IDate is a date class derived from Date. It has the same
internal representation as the Date class, except the storage
mode is integer. IDate is a relatively simple wrapper, and it
should work in almost all situations as a replacement for
Date. The main limitations of integer storage are (1) fractional
dates are not supported (use IDateTime() instead) and (2) the
range of supported dates is bounded by .Machine$integer.max
dates away from January 1, 1970 (a rather impractical limitation as
these dates are roughly 6 million years in the future/past, but
consider this your caveat).
Functions that use Date objects generally work for
IDate objects. This package provides specific methods for
IDate objects for mean, cut, seq, c,
rep, and split to return an IDate object.
ITime is a time-of-day class stored as the integer number of
seconds in the day. as.ITime does not allow days longer than 24
hours. Because ITime is stored in seconds, you can add it to a
POSIXct object, but you should not add it to a Date
object.
We also provide S3 methods to convert to and from Date and POSIXct.

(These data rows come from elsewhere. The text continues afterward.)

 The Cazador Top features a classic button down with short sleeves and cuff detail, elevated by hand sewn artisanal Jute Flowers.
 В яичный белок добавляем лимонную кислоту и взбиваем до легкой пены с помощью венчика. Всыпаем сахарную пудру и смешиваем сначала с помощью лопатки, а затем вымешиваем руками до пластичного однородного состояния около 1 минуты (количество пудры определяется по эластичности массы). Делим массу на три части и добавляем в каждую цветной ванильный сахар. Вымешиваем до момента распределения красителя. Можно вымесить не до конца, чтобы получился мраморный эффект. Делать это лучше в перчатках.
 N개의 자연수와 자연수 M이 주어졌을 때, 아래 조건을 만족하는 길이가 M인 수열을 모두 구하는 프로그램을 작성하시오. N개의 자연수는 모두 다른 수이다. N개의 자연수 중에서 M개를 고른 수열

ITime is time zone-agnostic. When converting ITime and
IDate to POSIXct with as.POSIXct, a time zone may be specified.
Inputs like '2018-05-15 12:34:56.789' are ambiguous from the perspective of an ITime object -- the method of coercion of the 789 milliseconds is controlled by the ms argument to relevant methods. The default behavior (ms = 'truncate') is to use as.integer, which has the effect of truncating anything after the decimal. Alternatives are to round to the nearest integer (ms = 'nearest') or to round up (ms = 'ceil').

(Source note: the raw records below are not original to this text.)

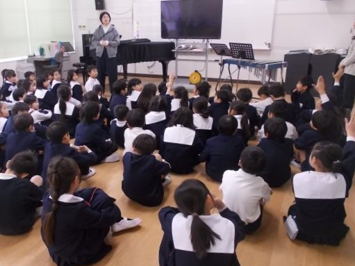 歌ってみたあと子どもたちからは、「1年生と2年生が一緒に歌うと声が大きくなった」「ちがう音(旋律)にひっぱられた」「合わせて歌うとおもしろかった」などの声があがりました。明日、旋律を重ねて歌うときのコツを6年生に聞いてみよう、と話をしました。
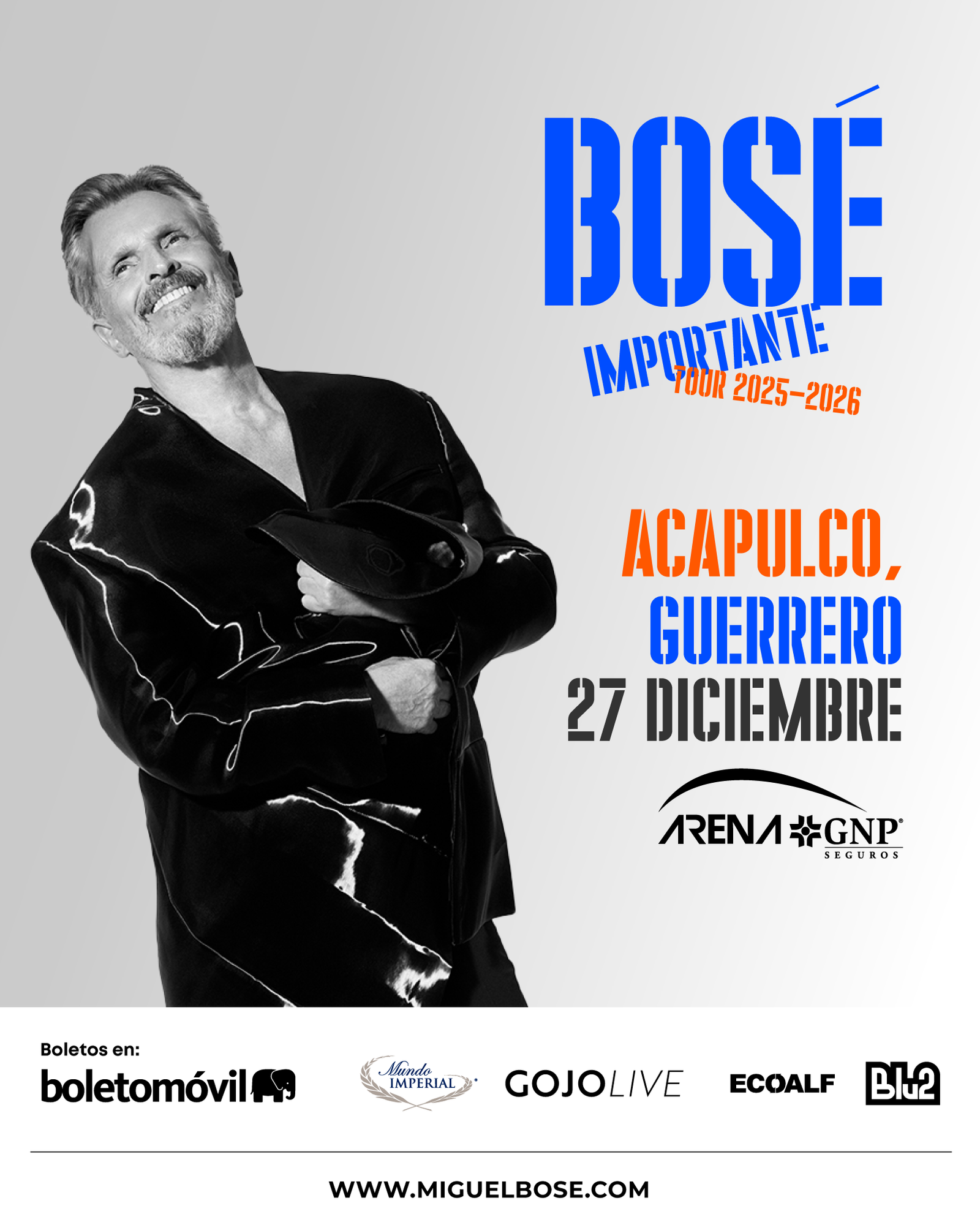 “Traer a Miguel Bosé a Acapulco en estas fechas es un símbolo de esperanza y renacimiento para el puerto. Será un concierto inolvidable, una velada que unirá generaciones”, afirmó Alfonso Barbosa al presentar el evento. Los boletos ya se encuentran disponibles en el sistema Boletomóvil y en taquillas de la Arena GNP Seguros.
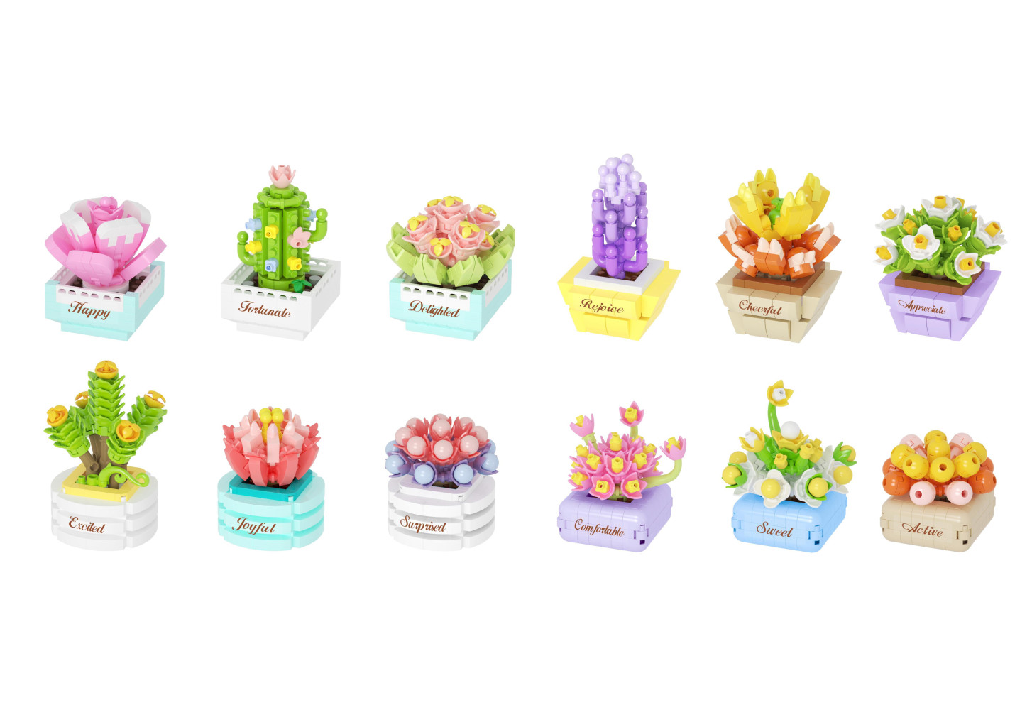 Dotaz na produktKOCO stavebnice mini rostliny. 12 různých ks v display boxu. Obsahuje kostičky, nástroj na oddělení kostiček, podrobný obrázkový návod na složení.
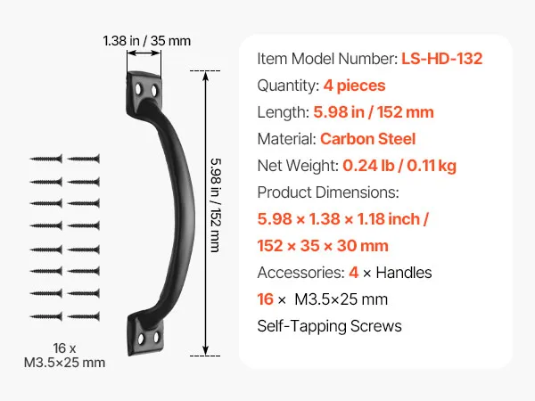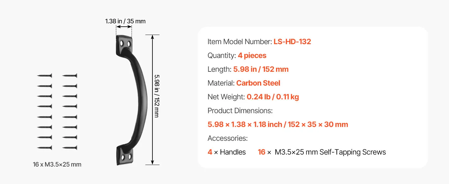 VEVOR Barn Door Handle, 4Pcs 6.5 in Rustic Fence Gate Handle, Rust-Resistant Coating, Heavy Duty Carbon Steel Outdoor Gate Handles, Easy to Install, Metal Sliding Door Pulls for Garage Shed Pantry
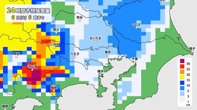 埼玉県では、5日夕方から6日午前中にかけて、秩父地方などの標高の高い所を中心に、南部・北部でも大雪となる所があるでしょう。平地でも積雪となる所があり、予想より気温が低くなった場合には、警報級の大雪となる可能性があります。積雪や路面の凍結による交通障害に注意・警戒し、架線や電線、樹木への着雪に注意してください。
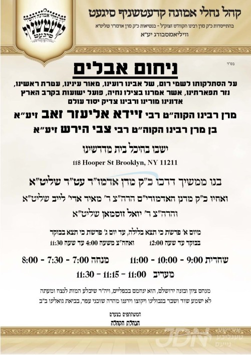 די קינדער האדמורי"ם וואס וואוינען אין אמעריקע, וועלן זיצן שבעה פון היינט זונטאג נאכט אין ביהמ"ד קרעטשניף סיגעט אויף הופפער סטריט אין וויליאמסבורג, ביז דעם קומענדיגן דינסטאג אינדערפרי.
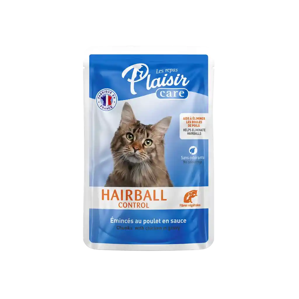 ¡Nueva fórmula mejorada! Con un 20% más de ingredientes frescos y sin colorantes, esta golosina Les Repas Plaisir CARE Hairball ha sido especialmente formulada para ayudar a tu gato a eliminar las bolas de pelo. Enriquecida con fibras y aceite de salmón, esta deliciosa opción contribuye al bienestar digestivo de tu felino. Disponible en bolsa individual de 80g.
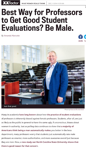 “Students gave professors they thought were male much higher evaluations across the board than they did professors they thought were female, regardless of what gender the professors actually were. When they told students they were men, both the male and female professors got a bump in ratings. When they told the students they were women, they took a hit in ratings.”
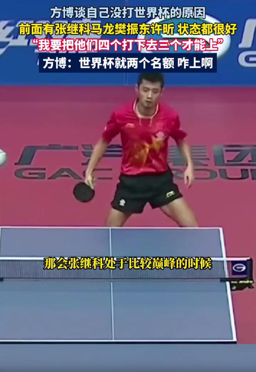 随后,方博一脸无奈地解释道:“我给你讲一讲啊,在我那个年代,我前面的4个人,当时前面有张继科、马龙、樊振东、许昕四大高手,那时候张继科属于比较巅峰的时候,马龙刚到巅峰,樊振东刚杀出来,还有一个许昕状态也不错。都是奥运会周期嘛,他们全在巅峰期,世界杯都在争,每一个世界杯名额都争夺,就两个名额,我得把他们四个打下三个才能上,你说咋上啊?我上不去,世锦赛我能卡在第5个,我能打一下。”

In as.POSIXct methods for ITime and IDate, the
second argument is required to be tz based on the generic
template, but to make converting easier, the second argument is
interpreted as a date instead of a time zone if it is of type
IDate or ITime. Therefore, you can use either of the
following: as.POSIXct(time, date) or as.POSIXct(date,
time).
IDateTime takes a date-time input and returns a data table with
columns date and time.
Using integer storage allows dates and/or times to be used as data table
keys. With positive integers with a range less than 100,000, grouping
and sorting is fast because radix sorting can be used (see
sort.list).
Several convenience functions like hour and quarter are
provided to group or extract by hour, month, and other date-time
intervals. as.POSIXlt is also useful. For example,
as.POSIXlt(x)$mon is the integer month. The R base convenience
functions weekdays, months, and quarters can also
be used, but these return character values, so they must be converted to
factors for use with data.table. isoweek is ISO 8601-consistent.
The round method for IDate's is useful for grouping and plotting.
It can round to weeks, months, quarters, and years. Similarly, the round
and trunc methods for ITime's are useful for grouping and plotting.
They can round or truncate to hours and minutes.
Note for ITime's with 30 seconds, rounding is inconsistent due to rounding off a 5.
See 'Details' in round for more information.
Functions like week() and isoweek() provide week numbering functionality.
week() computes completed or fractional weeks within the year,
while isoweek() calculates week numbers according to ISO 8601 standards,
which specify that the first week of the year is the one containing the first Thursday.
This convention ensures that week boundaries align consistently with year boundaries,
accounting for both year transitions and varying day counts per week.